А вот волк и ягненок – не любовь, хотя мать меня и убеждает, что это очень грустно.

– Подумай, такой белый, невинный ягненок, который никакой воды не мутил…

– Но волк – тоже хороший!

Все дело было в том, что я от природы любила волка, а не ягненка, а в данном случае волка было любить нельзя, потому что он съел ягненка, а ягненка я любить – хоть и съеденного и белого – не могла, вот и не выходила любовь, как никогда ничего у меня не вышло с ягнятами.

«Сказал и в темный лес ягненка поволок».

Сказав «волк», я назвала Вожатого. Назвав Вожатого – я назвала Пугачева: волка, на этот раз ягненка пощадившего, волка, в темный лес ягненка поволокшего, – любить.

Но о себе и Вожатом, о Пушкине и Пугачеве скажу отдельно, потому что Вожатый заведет нас далёко, может быть, еще дальше, чем подпоручика Гринева, в самые дебри добра и зла, в то место дебрей, где они неразрывно скручены и, скрутясь, образуют живую жизнь.

Пока же скажу, что Вожатого я любила больше всех родных и незнакомых, больше всех любимых собак, больше всех закаченных в подвал мячей и потерянных перочинных ножиков, больше всего моего тайного красного шкафа, где он был – главная тайна. Больше «Цыган», потому что он был – черней цыган, темней цыган.
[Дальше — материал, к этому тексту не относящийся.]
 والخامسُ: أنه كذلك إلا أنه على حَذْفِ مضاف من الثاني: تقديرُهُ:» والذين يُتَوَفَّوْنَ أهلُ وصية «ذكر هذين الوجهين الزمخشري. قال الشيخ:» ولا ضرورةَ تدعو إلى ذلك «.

И если я полным голосом могла сказать, что в тайном шкафу жил – Пушкин, то сейчас только шепотом могу сказать: в тайном шкафу жил… Вожатый.

* * *

Под влиянием непрерывного воровского чтения, естественно, обогащался и словарь.
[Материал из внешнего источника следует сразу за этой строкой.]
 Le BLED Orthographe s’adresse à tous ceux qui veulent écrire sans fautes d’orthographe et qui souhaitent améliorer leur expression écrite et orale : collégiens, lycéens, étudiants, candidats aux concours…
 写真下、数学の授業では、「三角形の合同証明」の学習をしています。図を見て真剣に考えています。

– Тебе какая кукла больше нравится: тетина нюренбергская или крестнина парижская?

– Парижская.

– Почему?

– Потому что у нее глаза страстные.

Мать угрожающе:

– Что-о-о?

– Я, – спохватываясь: – Я хотела сказать: страшные.

Мать еще более угрожающе:

– То-то же!

Мать не поняла, мать услышала смысл и, может быть, вознегодовала правильно. Но поняла – неправильно. Не глаза – страстные, а я чувство страсти, вызываемое во мне этими глазами (и розовым газом, и нафталином, и словом Париж, и делом сундук, и недоступностью для меня куклы), приписала – глазам. Не я одна. Все поэты. (А потом стреляются – что кукла не страстная!) Все поэты, и Пушкин первый.

* * *

Немножко позже – мне было шесть лет, и это был мой первый музыкальный год – в музыкальной школе Зограф-Плаксиной, в Мерзляковском переулке, был, как это тогда называлось, публичный вечер – рождественский. Давали сцену из «Русалки», потом «Рогнеду» – и:

  • Теперь мы в сад перелетим,
  • Где встретилась Татьяна с ним.

Скамейка. На скамейке – Татьяна. Потом приходит Онегин, но не садится, а она встает. Оба стоят. И говорит только он, все время, долго, а она не говорит ни слова. И тут я понимаю, что рыжий кот, Августа Ивановна, куклы не любовь, что это – любовь: когда скамейка, на скамейке – она, потом приходит он и все время говорит, а она не говорит ни слова.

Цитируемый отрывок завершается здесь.